October 25, 2025 | Oregon City, Clackamas County, Oregon


This article was created by AI summarizing key points discussed. AI makes mistakes, so for full details and context, please refer to the video of the full meeting. Please report any errors so we can fix them. Report an error »

Planning Commission recommends Beavercreek Road concept plan with green-standards review and parks coordination
The Oregon City Planning Commission on Nov. 12 voted unanimously to recommend that the City Commission adopt the Beavercreek Road concept plan, the supporting narrative and appendices, and related updates to Oregon City’s comprehensive plan and ancillary master plans. The motion includes creation of a Green Standards Task Force to develop green-building recommendations for residential, commercial and industrial uses and asks staff to explore an ecoenterprise zone. Commissioners also directed staff to work with Scott Archer in Parks & Community Services to clarify the appropriate parks-acreage-per-1,000-population metric to apply in the concept plan before City Commission hearings.

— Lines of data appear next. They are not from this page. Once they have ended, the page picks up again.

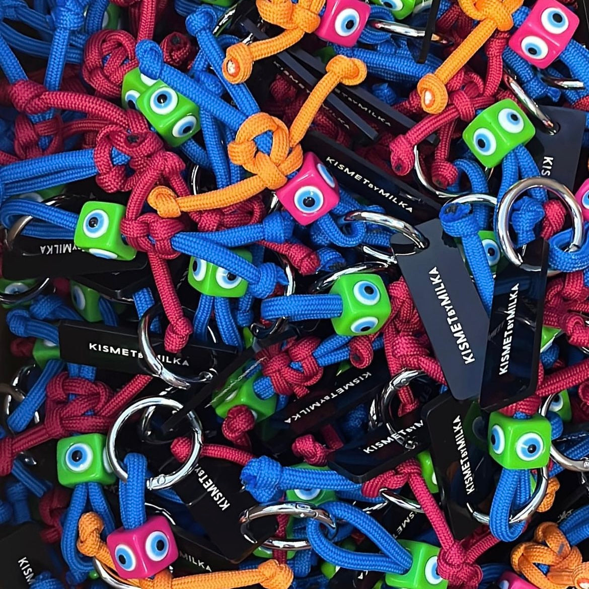 Kısmet by Milka'nın etkinlik hediyesi olarak kurumsal renklerde tasarlanan Nazar boncuklu ACT anahtarlıklar hazırladık.
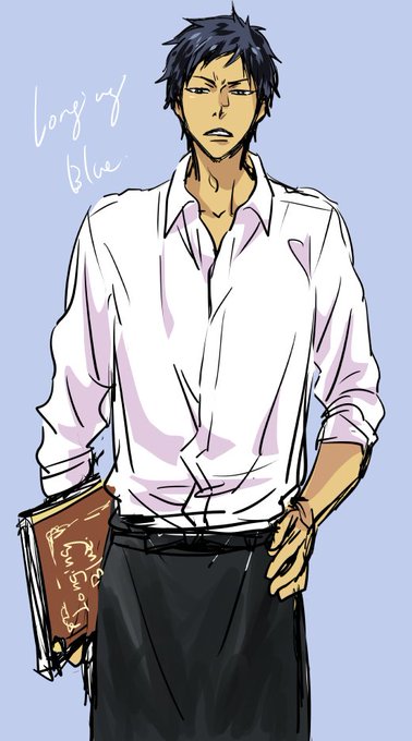 青峰っちに仕事着^^今は私服なので過去の制服からカフェ店員のを。 #1番目にリプきたキャラに私服2番目に部屋着3番目に仕事服着せる
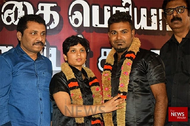 “We, Gowsalya and Sakthi, agree in front of you all, that we are life partners.” As the head office of the Thanthai Periyar Dravidar Kazhagam reverberated with this statement, activist and anti-caste crusader Gowsalya and Parai artiste Sakthi married each other in the presence of the leaders of the Dravidian outfit, chief of the NGO Evidence, Sakthi’s family and close friends.
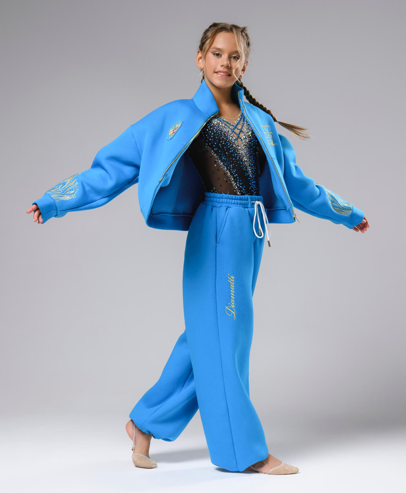 Дополняем базовую одежду яркими окантовками, фигурными вставками, металлизированной вышивкой и яркими принтами. Юные спортсменки чувствуют себя уверенно и стильно, заряжаются энергией на новые успехи.

Staff (Tony Conkel) said the hearing was continued from Oct. 22 to allow staff to respond to four issues raised by the Herberger family and others. Staff and consultant Joe Dils recommended several changes in a November 6 memo. Key staff recommendations included: reserving approximately half of the 1,400-foot ridgeline for unobscured public access and views with flexibility to locate the other half inland to accommodate development constraints; aligning open-space and riparian protections with Goal 5 resource mapping and allowing limited non-residential, eco-friendly development below the 490-foot elevation on a maximum of 50% of non-resource lands; tying the Central Park requirement to an acres-per-population target (staff cited working with Parks on a target drawn from the parks master plan rather than a fixed 'no less than 18 acres'); and establishing a Beavercreek zoning framework with subdistricts to allow limited density transfers across tax lots while preserving neighborhood- and transit-supportive densities.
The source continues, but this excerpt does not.